Angel markets its output as "values-based entertainment"; although it is not officially a Christian company, its slate includes numerous faith-based productions. The company gained wider recognition with Sound of Freedom, which grossed more than $250 million worldwide. It formerly distributed the television series The Chosen.

==History==
===Early years as VidAngel===

The company was founded in 2013 by brothers Neal, Daniel, Jeffrey, and Jordan Harmon and their cousin Benton Crane. It was originally named VidAngel, and its filtering service launched in 2014. The service allowed viewers to skip or mute selected content in films and television programs, including profanity, nudity, sexual content, and graphic violence.

In June 2016, Disney Enterprises, Lucasfilm, 20th Century Fox, and Warner Bros. sued VidAngel, alleging that the company had copied DVDs and Blu-ray discs and streamed filtered versions of their films without authorization. VidAngel argued that its filtering method was protected by the Family Movie Act of 2005. In August 2017, the Ninth Circuit Court of Appeals upheld a preliminary injunction against the company, finding that the studios were likely to succeed on their copyright claims.

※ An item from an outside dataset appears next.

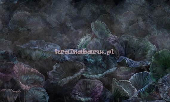Fototapeta z nowoczesną grafiką, w dotyku lekko chropowata, sprawia wrażenie głębi i przestrzeni tworząc efekt 3D. Wzór zainspirowany wodnymi liliami i ich wspaniałymi, unoszącymi się na wodzie liśćmi, które układają się we wspaniałą, malownicza kompozycję. Przenikające się wzajemnie kolory w rozmytych odcieniach fioletu, niebieskiego, zielonego, szarego, tworzą spektakularny efekt. Zjawiskowa fototapeta doskonale wpisuje się w modne aranżacje wnętrz nawiązujące do natury.
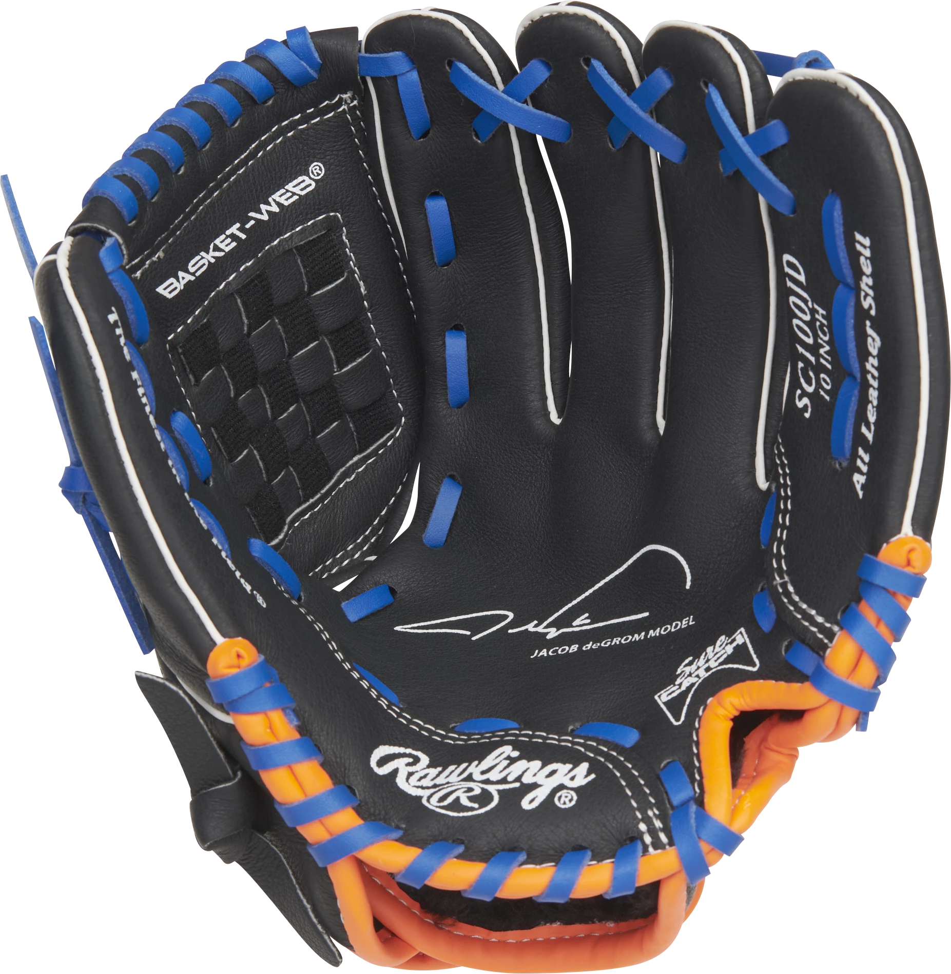 For youth players, getting the right glove to learn the game with is critical. The Rawlings Sure Catch series is built to play easily for ballplayers just starting out on their baseball journey. On top of that, this glove features a printed signature from a big leaguer to inspire your play! For maximum comfort, this Rawlings Sure Catch 10-inch Youth Glove features cushioned finger linings. The soft leather shell enhances durability and pocket formation. In addition, we specially designed the Sure Catch heel to close easier and make catching as easy as possible. This model feature’s a printed signature from superstar Jacob deGrom on the palm, meaning that every time your youth player looks down, he’ll have a role model to look up to. Get your Rawlings 10-inch Youth Glove today!

VidAngel filed for Chapter 11 bankruptcy protection in October 2017 and completed its bankruptcy reorganization in 2020. The company reached a settlement with the studios that year and agreed not to decrypt, copy, stream, or distribute Disney and Warner Bros. content without permission.

Following the reorganization, the founders shifted their focus toward producing and distributing original content through equity crowdfunding. The filtering-service assets were sold to a separate company, VidAngel Entertainment, while the original company was renamed Angel Studios in March 2021.

===Equity crowdfunding===
In October 2016, while copyright litigation against VidAngel was pending, the company launched a Regulation A securities offering. It offered a minimum of $5 million and a maximum of $11.25 million in Class B nonvoting common stock. The offering circular allocated between $2 million and $3 million of the proceeds to legal fees and expenses, with the remainder intended for research and development, advertising, promotion, and working capital. By November 2016, VidAngel reported raising approximately $10.1 million from more than 7,500 investors.

In December 2016, the company announced the creation of VidAngel Studios, its original-content division. Its first project was Dry Bar Comedy, a series of clean stand-up comedy performances filmed in Utah; the first episode was filmed in January 2017.

In late 2017, VidAngel partnered with The Chosen, LLC to develop and distribute The Chosen, a television series created by Dallas Jenkins about the life of Jesus and his disciples. The Chosen, LLC conducted a Tier 2 Regulation A offering with a maximum offering amount of $13 million to finance the first season. VidAngel provided consulting, technology, public-relations, marketing, and coordination services for the offering. By January 2019, the offering had raised approximately $10.3 million from 15,000 investors, making it the largest crowdfunded film or television project at the time.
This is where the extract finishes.